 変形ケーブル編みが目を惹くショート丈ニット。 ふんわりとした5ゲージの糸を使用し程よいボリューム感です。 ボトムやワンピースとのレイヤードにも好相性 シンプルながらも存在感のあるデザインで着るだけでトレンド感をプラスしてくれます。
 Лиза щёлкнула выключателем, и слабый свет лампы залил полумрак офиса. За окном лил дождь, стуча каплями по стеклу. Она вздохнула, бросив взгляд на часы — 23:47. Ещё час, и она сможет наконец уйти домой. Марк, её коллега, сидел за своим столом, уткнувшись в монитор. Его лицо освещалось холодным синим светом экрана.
--
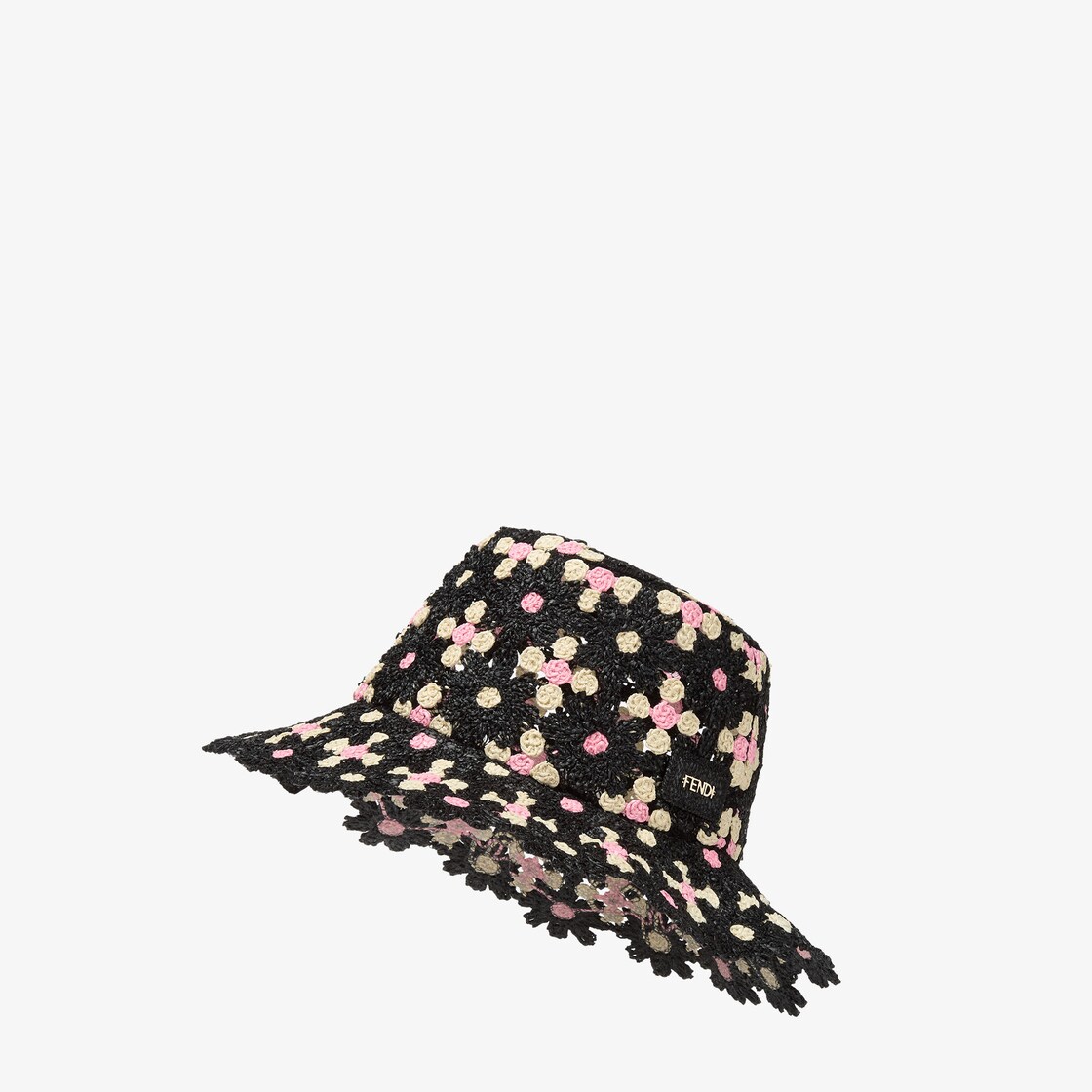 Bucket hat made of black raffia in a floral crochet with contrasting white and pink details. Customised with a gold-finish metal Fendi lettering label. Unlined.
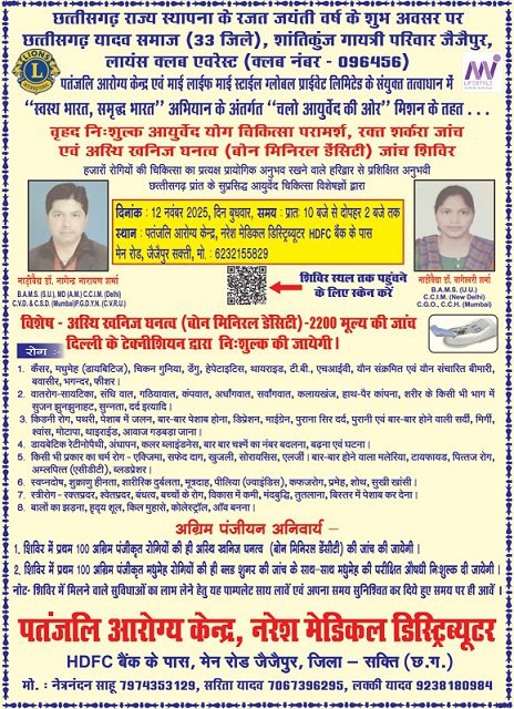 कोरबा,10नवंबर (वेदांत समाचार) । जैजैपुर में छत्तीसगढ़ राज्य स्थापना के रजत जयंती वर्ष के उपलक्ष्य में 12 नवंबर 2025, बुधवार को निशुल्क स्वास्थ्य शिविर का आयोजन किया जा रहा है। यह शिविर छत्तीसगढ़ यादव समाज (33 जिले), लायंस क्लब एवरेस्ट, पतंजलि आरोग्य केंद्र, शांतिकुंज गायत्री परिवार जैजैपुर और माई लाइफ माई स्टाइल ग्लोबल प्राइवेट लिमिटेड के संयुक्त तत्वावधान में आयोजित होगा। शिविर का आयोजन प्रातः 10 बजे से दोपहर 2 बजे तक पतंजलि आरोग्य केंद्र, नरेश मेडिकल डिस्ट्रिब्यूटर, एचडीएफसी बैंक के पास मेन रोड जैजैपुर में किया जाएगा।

» **YOUR OBJECTIVE**
Exactly the lines above from the one that contains "Bucket hat made" down to the one that contains "कोरबा,10नवंबर (वेदांत समाचार)" are to be output, both ends kept and pictures omitted.

» **YOUR RESPONSE**
 Bucket hat made of black raffia in a floral crochet with contrasting white and pink details. Customised with a gold-finish metal Fendi lettering label. Unlined.
 कोरबा,10नवंबर (वेदांत समाचार) । जैजैपुर में छत्तीसगढ़ राज्य स्थापना के रजत जयंती वर्ष के उपलक्ष्य में 12 नवंबर 2025, बुधवार को निशुल्क स्वास्थ्य शिविर का आयोजन किया जा रहा है। यह शिविर छत्तीसगढ़ यादव समाज (33 जिले), लायंस क्लब एवरेस्ट, पतंजलि आरोग्य केंद्र, शांतिकुंज गायत्री परिवार जैजैपुर और माई लाइफ माई स्टाइल ग्लोबल प्राइवेट लिमिटेड के संयुक्त तत्वावधान में आयोजित होगा। शिविर का आयोजन प्रातः 10 बजे से दोपहर 2 बजे तक पतंजलि आरोग्य केंद्र, नरेश मेडिकल डिस्ट्रिब्यूटर, एचडीएफसी बैंक के पास मेन रोड जैजैपुर में किया जाएगा।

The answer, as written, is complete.